Suasana GOR Futsal mulai riuh kembali seiring peluit wasit yang kembali melengking. Namun, percayalah di dadaku lebih gaduh, berkali-kali kusembunyikan tangan di balik tas dalam pangkuan. Khawatir getar-getar janggal itu merambat ke sana, lalu tertangkap netra Kak Dirga. Tuhan, aku ingin tetapi enggan. Ingin berbincang panjang lebar, tetapi enggan memulai percakapan. Gengsi lebih dominan membentengi hati.
“Purnamashika ...,” panggil Kak Dirga.
Deg!
Dia memanggil nama penaku. Aku masih meluruskan pandangan.
“Nama pena kamu, kan?” lanjutnya sambil menoleh padaku.
“Em, iya, Kak.” Aku pun menoleh sambil tersenyum canggung.
Dia terkekeh, lalu mengarahkan tatapan ke lapangan. Entah apa makna tawanya barusan, tetapi sungguh itu membuat serangan pertanyaan bermunculan.
“Pantesan, pas depan perpustakaan itu, kamu bengong kayak pengin nyampein sesuatu,” katanya tanpa mengalihkan pandangan, “ternyata kita udah sering berinteraksi di dunia maya.”
Aku tak berkomentar, hanya menyunggingkan senyum. Andai dia tahu apa yang kurasakan saat itu, ah lebih baik jangan.
“Pas baca puisi di kertas yang kemarin itu. Aku kayak kenal banget gaya tulisannya.” Dia mengambil ponsel dari saku celananya, “Sebenernya waktu temanku manggil itu, pas mau mastiin ke IG kamu, ini kan?” Dia menunjukkan layar ponselnya yang menampakkan profil Instagramku.
“Kalo kakak udah tahu, aku yang malu duluan.” Akhirnya kuberanikan membuka suara, enggan seakan terlihat kurang antusias dengan percakapan ini.
“Ngapain malu, kalemlah.

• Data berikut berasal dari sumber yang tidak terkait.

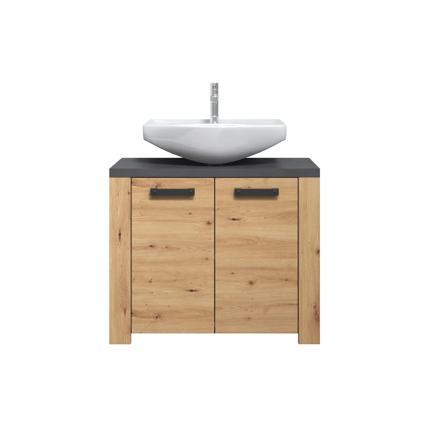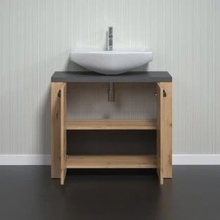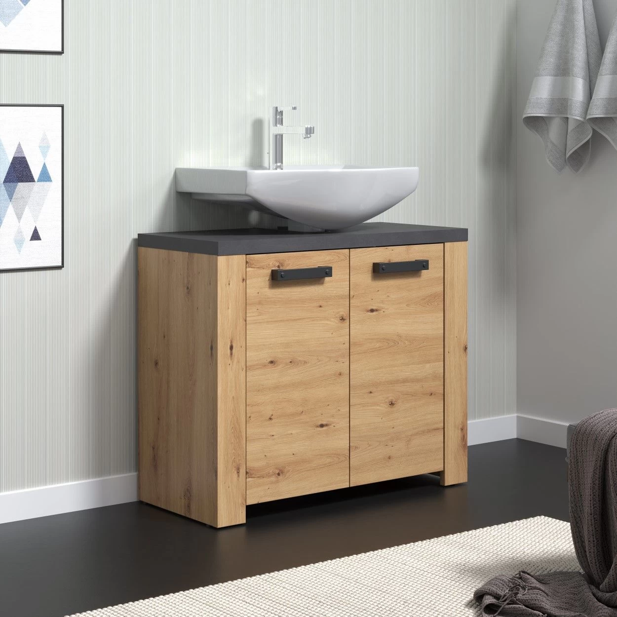 Deze kast heeft twee deuren die de perfecte plek bieden om handdoeken, toiletartikelen en andere spullen netjes op te bergen. Het Artisan Oak-ontwerp voegt een vleugje verfijning toe aan je badkamerinterieur.

Oya, puisi sama cara pembacaannya bagus, loh. Aku berasa gak nyangka aja, ternyata orang di balik akun itu adik kelasku sendiri.”
“Tapi aku udah tahu Kak Dirga sejak Kakak masih siswa SMA Laksamana Tirta.”
“Yaampun, maaf ya. Aku gak merhatiin hal-hal sedetail itu, asli.” Dia mengatupkan tangan.
“By the way, sejak kapan kamu suka nulis puisi?”
Sejak mengenal kak Dirga.
Mana mungkin kusebutkan jawaban sebenarnya, kan? Aku meremas jemari. Berpura-pura fokus ke lapangan.
“Purnama?”
Kenapa dia suka memanggilku seperti itu, hm. Dia, kan, sudah tahu nama asliku. Ada sedikit kesal yang sulit disangkal.
“Sejak suatu hari, hari yang gak bisa aku lupain.”
Dia tersenyum, lagi-lagi senyuman itu yang membuat netraku tertawan. Sadar Kencana, jangan ulangi kebodohan hari kemarin. Aku mengerjap, lalu balas tersenyum.
“Ada berita apa hari itu, Den Sastro?”